I have drifted into SQL reporting from general IT Support as a result of the need for more detailed reports than our systems can provide. My company runs leisure centres and we very helpfully use 3 different leisure management systems across 70+ sites. All 3 are SQL based but do the same job in very different ways. I have produced loads of reports in SSRS but the 2 or 3 I have done that access all systems are very, very time consuming and just one link down means the whole report is inaccessible.
A request to send data to a third party for marketing purposed has forces us to finally look at centralising data from all of the systems to make reporting much easier. There will only essentially be 2 tables - 1 for membership details and one for activities. I have done the hard part of creating a view that produces the same information from each of the 3 systems and set up a central database to bring the data back to. I will have a stored procedure running on each system that will populate a table with records from the previous day. There will then be a job on the central server that will copy data from these tables and remove it once transferred. So far so (relatively) simple.
The problem is that the central server will be trying to retrieve data from over 60 servers - all with their own network links. Some sites are remote with poor DSL connections so there will be times when some of the data can't be copied by the scheduled job. I am happy that a SQL agent job can have these as steps and one failed connection won't stop the whole process but my concern is that troubleshooting when something goes wrong will be tricky if I don't get some kind of logging in place.
The stored procedures although complicated SQL wise are just update/insert record jobs. What would be helpful is that the update job writes to a log file somehow reporting that it affected 20 rows. And the insert job affected 100 rows. Basic stuff but I have no idea how I go about it. What would also be useful is some kind of warning when one of the steps fails. SQL Agent will help but I want to build as much resilience as possible in whilst I am at the 3 server stage before rolling out to the 60+ server stage.
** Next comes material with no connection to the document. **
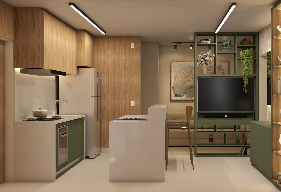 Proposta de cozinha compacta, onde o MDF na cor itapuã, o quartzo branco polido e o Cement Block Foggy, da Portobello Shop, são os grandes protagonistas do projeto. Demos um toque de cor nos armários inferiores da cozinha, para trazer mais vida ao espaço. Os clientes são apaixonados por verde, então utilizamos o MDF Verde Floresta, que casou perfeitamente com o projeto.

Any pointers in the right direction would be much appreciated. My SQL skills are self taught (With a lot of Stack Overflow help!) and although I have learnt a lot about producing complicated views and queries in the last couple of weeks, most of my SQL has just been queries for SSRS so this is all new to me.
Many thanks.

The output clause will get you what you want for logging. What it allows you to do is capture what your statement is doing. Below is an example of of how to perform an update and capture the changes in a logging table.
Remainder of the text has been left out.